We'll start by importing TensorFlow and TensorFlow Datasets.

In [1]:
import os
os.environ['TF_CPP_MIN_LOG_LEVEL'] = '2'

import warnings
warnings.filterwarnings('ignore')

import numpy as np
np.random.seed(42)

import pandas as pd
import json

%matplotlib inline
%config InlineBackend.figure_format = 'retina'
import matplotlib.pyplot as plt

import seaborn as sns
sns.set_style('whitegrid')
sns.set(font='DejaVu Sans')

import tensorflow as tf
tf.keras.utils.set_random_seed(42)
tf.get_logger().setLevel('ERROR')

import tensorflow_datasets as tfds

# Good to run this to ensure you are using TF2.x
print("\u2022 Using TensorFlow Version:", tf.__version__)

• Using TensorFlow Version: 2.12.0


## Exploring the Splits API

In [3]:
# Distinct splits
# The full `train` split and the full `test` split as \
# two distinct datasets. 
train_ds, test_ds = tfds.load(name='mnist:3.*.*',
    split=['train', 'test'])

print("#train records:", len(list(train_ds)))
print("#test records:", len(list(test_ds)))

#train records: 60000
#test records: 10000


With the slicing API we can use strings to specify the slicing instructions. For example, in the cell below we will merge the training and test sets by passing the string `’train+test'` to the `split` argument.

In [4]:
# Merging
# The full `train` and `test` splits, concatenated together.
combined_ds = tfds.load('mnist:3.*.*', split='train+test')

print("# train+test records:", len(list(combined_ds)))

# train+test records: 70000


We can also use Python style list slicers to specify the data we want.
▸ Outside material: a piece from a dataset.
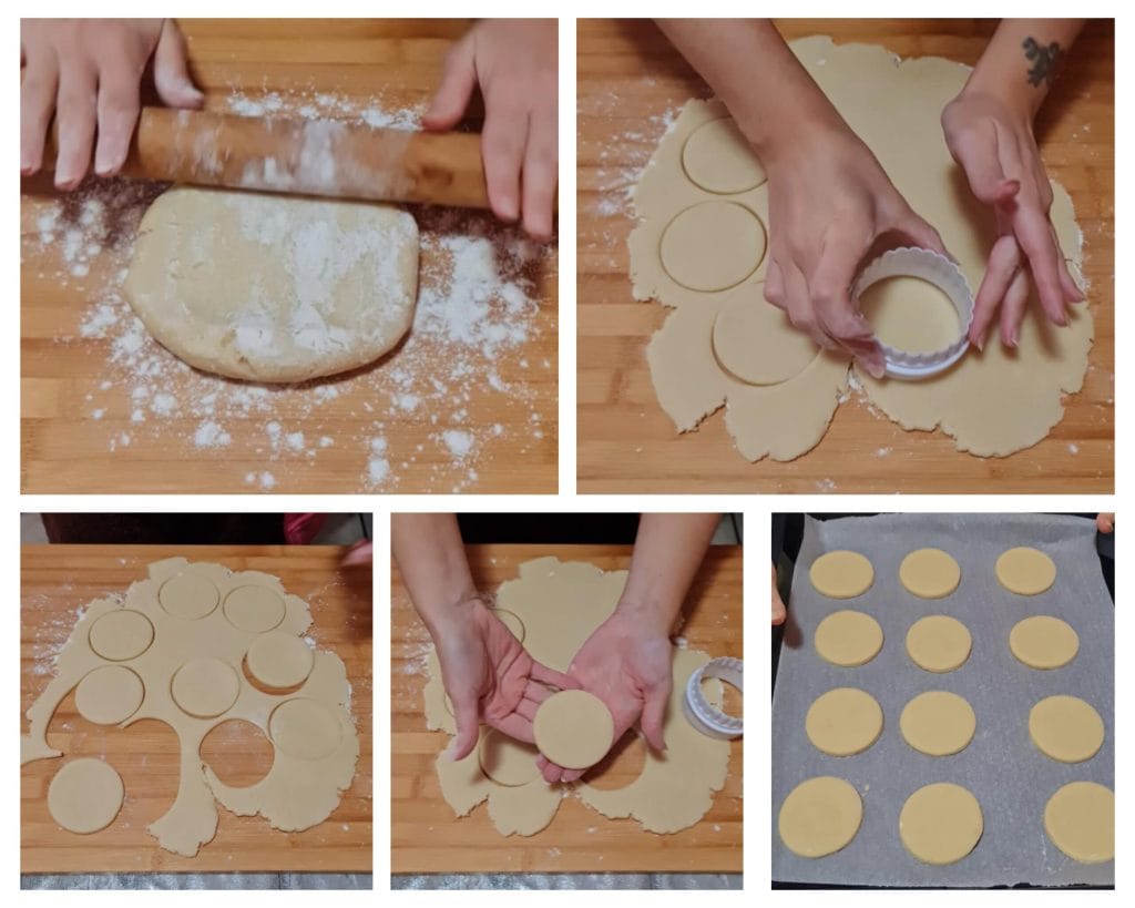 Retira la masa quebrada del frigorífico, trabaja un poco con las manos y sobre una tabla de amasar enharinada utiliza un rodillo para extender una lámina de 3 mm de grosor. Con un cortador de galletas redondo de 6-8 cm, haz muchos discos. Colócalos en una bandeja forrada con papel de horno y pon la bandeja en el frigorífico durante 1 hora o en el congelador durante 20 minutos. Luego hornea en un horno estático precalentado a 170º durante 10-15 minutos. Apaga, saca del horno y deja enfriar sin tocarlos.
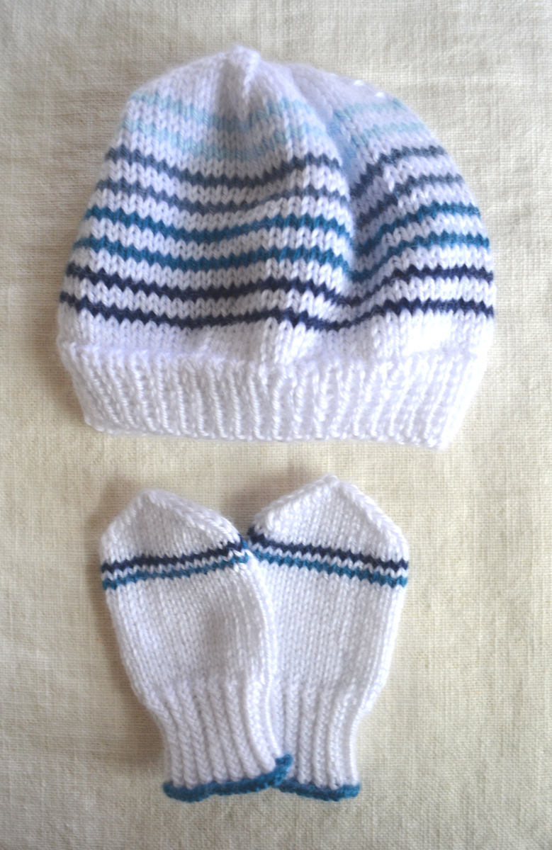 The pattern is very simple, so I added gradated stripes to the 6 month hat, which ties them in to the mittens.

For example, we can specify that we want to take the first 10,000 records of the `train` split with the string `'train[:10000]'`, as shown below:

In [5]:
# Slicing by index
first10k = tfds.load('mnist:3.*.*', split='train[:10000]')

print("# first 10k train:", len(list(first10k)))

# first 10k train: 10000


It also allows us to specify the percentage of the data we want to use. For example, we can select the first 20\% of the training set with the string `'train[:20%]'`, as shown below:

In [6]:
# Slicing by percentage
first20p = tfds.load('mnist:3.*.*', split='train[:20%]')

print("# first 20% train:", len(list(first20p)))

# first 20% train: 12000


We can see that `first20p` contains 12,000 records, which is indeed 20\% the total number of records in the training set. Recall that the training set contains 60,000 records. 

Because the slices are string-based we can use loops, like the ones shown below, to slice up the dataset and make some pretty complex splits. For example, the loops below create 10 complimentary validation and training sets (each loop returns a list with 5 data sets).

In [7]:
# K-fold splits
train_ds = tfds.load(name='mnist:3.*.*',
    split=['train[:{}%]+train[{}%:]'.format(k, k+20)
        for k in range(0, 100, 20)])
print("# train datasets:", len(list(train_ds)))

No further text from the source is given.